Yesterday, Human Rights Watch published a report that criticized British, French and German intelligence agencies for using information obtained by their counterparts in countries that practice torture, such as Algeria, Jordan, or the United Arab Emirates. I only have had time to skim through the report, available here, but it looks like an interesting report recalling current international law on torture, and raising the legal, practical and moral questions of governments using intelligence obtained through torture in the fight against terrorism, with interesting bits on the “ticking-bomb scenario” and the “no-questions asked” approach adopted by European intelligence agencies.
This raises several issues for the European countries singled out.
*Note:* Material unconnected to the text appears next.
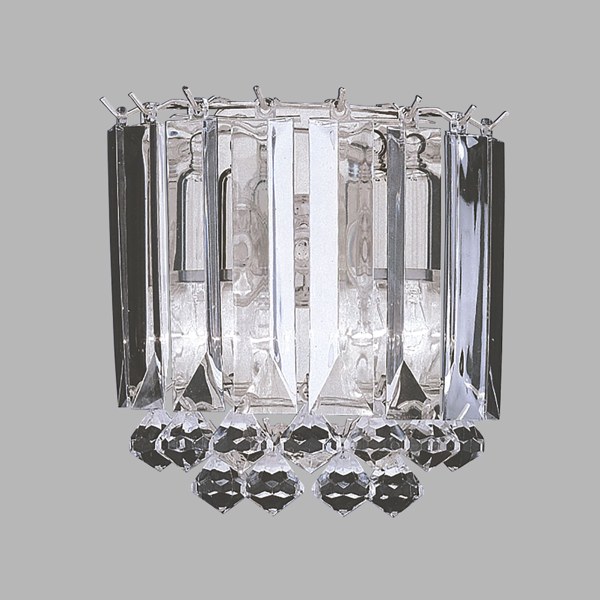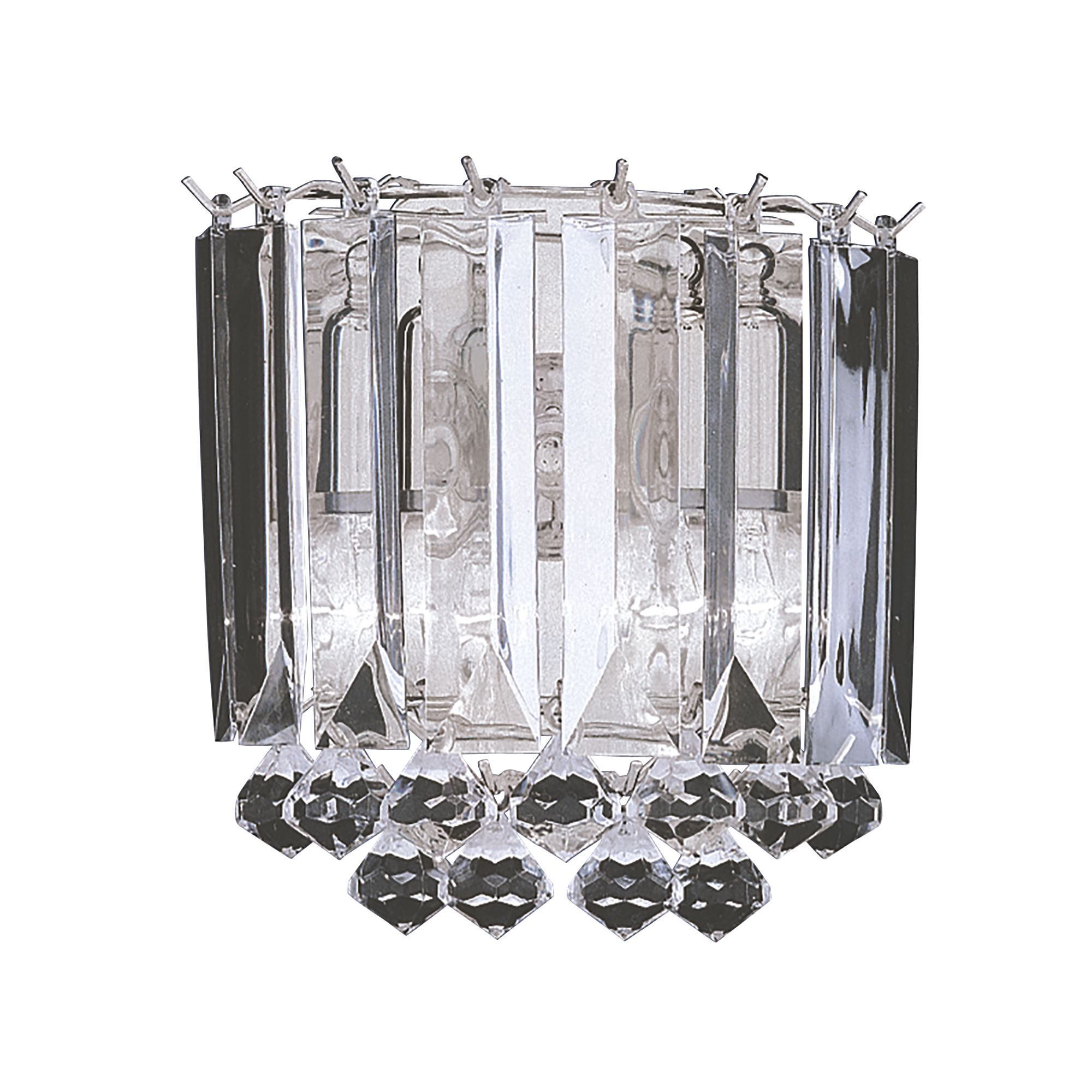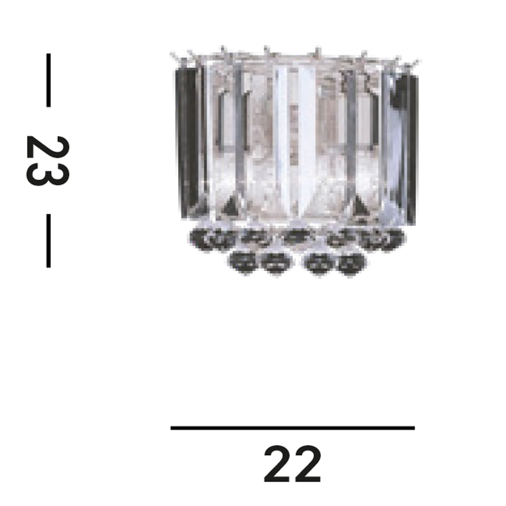 Il supporto da parete per luci Sigma 2 è una sorprendente miscela di eleganza vintage e silhouette audace. La struttura con finitura cromata è ornata con sfere di cristallo trasparente e ricoperta da cascate di scintillanti gocce di prismi acrilici che riflettono magnificamente le due luci per un'eleganza glamour che sarà una magnifica caratteristica in qualsiasi camera da letto, soggiorno, sala da pranzo o corridoio.

First of all, politically speaking, the United States’ have been heavily criticized for its policy of extraordinary renditions and transfers of prisoners towards countries that practice torture in order to obtain information, not to mention whatever happens in Guantanamo Bay and Bagram Air Base. That European countries, so far having been spared these kind of accusations, are now found to be also guilty of profiting from torture-obtained intelligence is more than just embarrassing.
From a legal point of view, it raises the issue of the respect of these countries of their obligations under the 1984 Convention Against Torture and Other Cruel, Inhuman or Degrading Treatment or Punishment (CoT). Article 15 of that Convention in particular states that:
Each State Party shall ensure that any statement which is established to have been made as a result of torture shall not be invoked as evidence in any proceedings, except against a person accused of torture as evidence that the statement was made.
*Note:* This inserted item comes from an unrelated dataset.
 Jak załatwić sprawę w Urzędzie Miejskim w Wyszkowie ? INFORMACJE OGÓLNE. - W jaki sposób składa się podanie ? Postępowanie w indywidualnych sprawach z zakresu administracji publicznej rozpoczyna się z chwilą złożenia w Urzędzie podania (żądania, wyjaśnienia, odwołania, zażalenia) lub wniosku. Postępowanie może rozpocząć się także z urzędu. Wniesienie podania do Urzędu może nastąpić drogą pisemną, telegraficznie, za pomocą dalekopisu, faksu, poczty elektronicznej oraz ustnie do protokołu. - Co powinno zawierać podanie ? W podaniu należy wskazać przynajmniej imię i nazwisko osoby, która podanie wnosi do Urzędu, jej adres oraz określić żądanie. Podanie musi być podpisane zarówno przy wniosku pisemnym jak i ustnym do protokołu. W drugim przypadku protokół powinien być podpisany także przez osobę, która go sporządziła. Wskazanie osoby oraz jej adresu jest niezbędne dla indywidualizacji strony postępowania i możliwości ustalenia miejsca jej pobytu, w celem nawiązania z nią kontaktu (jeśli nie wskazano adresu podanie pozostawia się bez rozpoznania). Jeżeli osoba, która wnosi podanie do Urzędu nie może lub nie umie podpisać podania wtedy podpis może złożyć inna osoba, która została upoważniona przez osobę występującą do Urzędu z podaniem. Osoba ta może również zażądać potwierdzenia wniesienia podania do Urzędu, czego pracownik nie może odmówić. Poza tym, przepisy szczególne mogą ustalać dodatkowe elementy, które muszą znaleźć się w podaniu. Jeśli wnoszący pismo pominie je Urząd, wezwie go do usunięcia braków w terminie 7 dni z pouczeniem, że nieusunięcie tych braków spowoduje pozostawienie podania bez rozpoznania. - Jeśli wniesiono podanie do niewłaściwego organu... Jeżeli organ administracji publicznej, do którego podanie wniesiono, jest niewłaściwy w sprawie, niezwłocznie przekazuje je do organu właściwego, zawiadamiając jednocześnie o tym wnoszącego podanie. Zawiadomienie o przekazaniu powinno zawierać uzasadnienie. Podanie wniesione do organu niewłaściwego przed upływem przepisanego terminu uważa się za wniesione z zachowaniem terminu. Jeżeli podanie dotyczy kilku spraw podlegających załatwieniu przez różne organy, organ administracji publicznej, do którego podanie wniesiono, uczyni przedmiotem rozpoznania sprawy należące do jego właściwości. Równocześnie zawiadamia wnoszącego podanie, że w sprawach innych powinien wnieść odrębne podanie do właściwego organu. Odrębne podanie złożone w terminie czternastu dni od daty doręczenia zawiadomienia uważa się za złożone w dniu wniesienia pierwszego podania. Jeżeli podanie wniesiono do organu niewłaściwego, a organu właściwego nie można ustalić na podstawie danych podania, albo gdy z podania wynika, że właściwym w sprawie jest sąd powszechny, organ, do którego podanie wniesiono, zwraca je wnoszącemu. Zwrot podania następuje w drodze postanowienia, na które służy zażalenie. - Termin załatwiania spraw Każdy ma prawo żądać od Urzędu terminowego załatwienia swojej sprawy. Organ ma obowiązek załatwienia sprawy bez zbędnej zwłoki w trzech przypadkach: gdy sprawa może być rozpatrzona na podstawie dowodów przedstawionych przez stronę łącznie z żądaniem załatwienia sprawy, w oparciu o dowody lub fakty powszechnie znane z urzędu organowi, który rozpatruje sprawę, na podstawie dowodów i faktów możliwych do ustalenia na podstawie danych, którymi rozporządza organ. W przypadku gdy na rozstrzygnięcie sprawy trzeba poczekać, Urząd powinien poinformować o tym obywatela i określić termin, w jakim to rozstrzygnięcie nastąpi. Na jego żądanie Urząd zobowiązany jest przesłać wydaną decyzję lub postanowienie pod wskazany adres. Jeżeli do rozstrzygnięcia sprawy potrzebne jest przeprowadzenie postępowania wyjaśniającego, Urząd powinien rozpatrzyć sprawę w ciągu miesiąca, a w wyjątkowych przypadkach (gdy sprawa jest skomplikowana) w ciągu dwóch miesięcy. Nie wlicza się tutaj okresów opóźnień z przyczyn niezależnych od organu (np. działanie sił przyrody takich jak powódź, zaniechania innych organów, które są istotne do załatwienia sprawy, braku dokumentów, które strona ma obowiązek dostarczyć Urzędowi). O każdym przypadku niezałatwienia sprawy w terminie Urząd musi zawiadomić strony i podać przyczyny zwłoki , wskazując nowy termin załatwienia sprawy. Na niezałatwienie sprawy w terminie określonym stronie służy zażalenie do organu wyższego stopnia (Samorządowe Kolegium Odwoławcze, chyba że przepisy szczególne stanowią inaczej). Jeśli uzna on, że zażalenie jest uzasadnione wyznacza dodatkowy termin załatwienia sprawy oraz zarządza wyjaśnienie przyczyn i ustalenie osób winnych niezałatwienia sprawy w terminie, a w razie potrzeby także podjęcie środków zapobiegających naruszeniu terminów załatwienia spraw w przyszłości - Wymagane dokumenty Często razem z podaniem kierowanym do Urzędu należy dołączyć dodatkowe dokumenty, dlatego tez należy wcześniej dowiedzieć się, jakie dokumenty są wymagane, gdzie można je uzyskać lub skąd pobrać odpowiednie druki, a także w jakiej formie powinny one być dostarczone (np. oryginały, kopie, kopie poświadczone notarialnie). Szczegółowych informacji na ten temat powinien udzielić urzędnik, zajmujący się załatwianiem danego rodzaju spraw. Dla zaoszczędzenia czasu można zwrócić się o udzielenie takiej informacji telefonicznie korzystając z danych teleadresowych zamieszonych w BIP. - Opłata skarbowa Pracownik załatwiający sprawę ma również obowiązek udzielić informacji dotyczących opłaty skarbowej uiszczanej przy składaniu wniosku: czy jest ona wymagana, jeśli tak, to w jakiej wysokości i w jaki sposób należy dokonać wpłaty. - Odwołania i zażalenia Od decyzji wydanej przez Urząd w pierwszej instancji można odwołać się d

The HRW Report does recognize that the CoT is silent on the use of torture evidence as the basis for decisions by the executive branch and its agencies (p. 12). But its argues – in my opinion, quite accurately – that the narrow interpretation of article 15 that allows for intelligence services and law enforcement authorities to “use foreign torture information for operational purposes (…) misrepresents the letter and the spirit of the Convention Against Torture,” pointing out that it goes against the ergo omnes obligations concerning the eradication of torture which is the main purpose of the CoT.
And to keep things interesting, recently elected British Prime Minister David Cameron has just announced that he agreed to the creation of an inquiry on the alleged complicity of British agents in the torture of suspected terrorists.
Torture and the fight against terrorism is a delicate subject. How far are our societies ready to go to guarantee our security? Or, reversely, how much are we ready to sacrifice in the name of our principles? There is no easy answer, but it looks as if the HRW Report is an interesting and well-researched contribution to the debate concerning the methods used in combating international terrorism. The result of the British inquiry will be interesting to follow, and one could hope that France and Germany will both follow suit.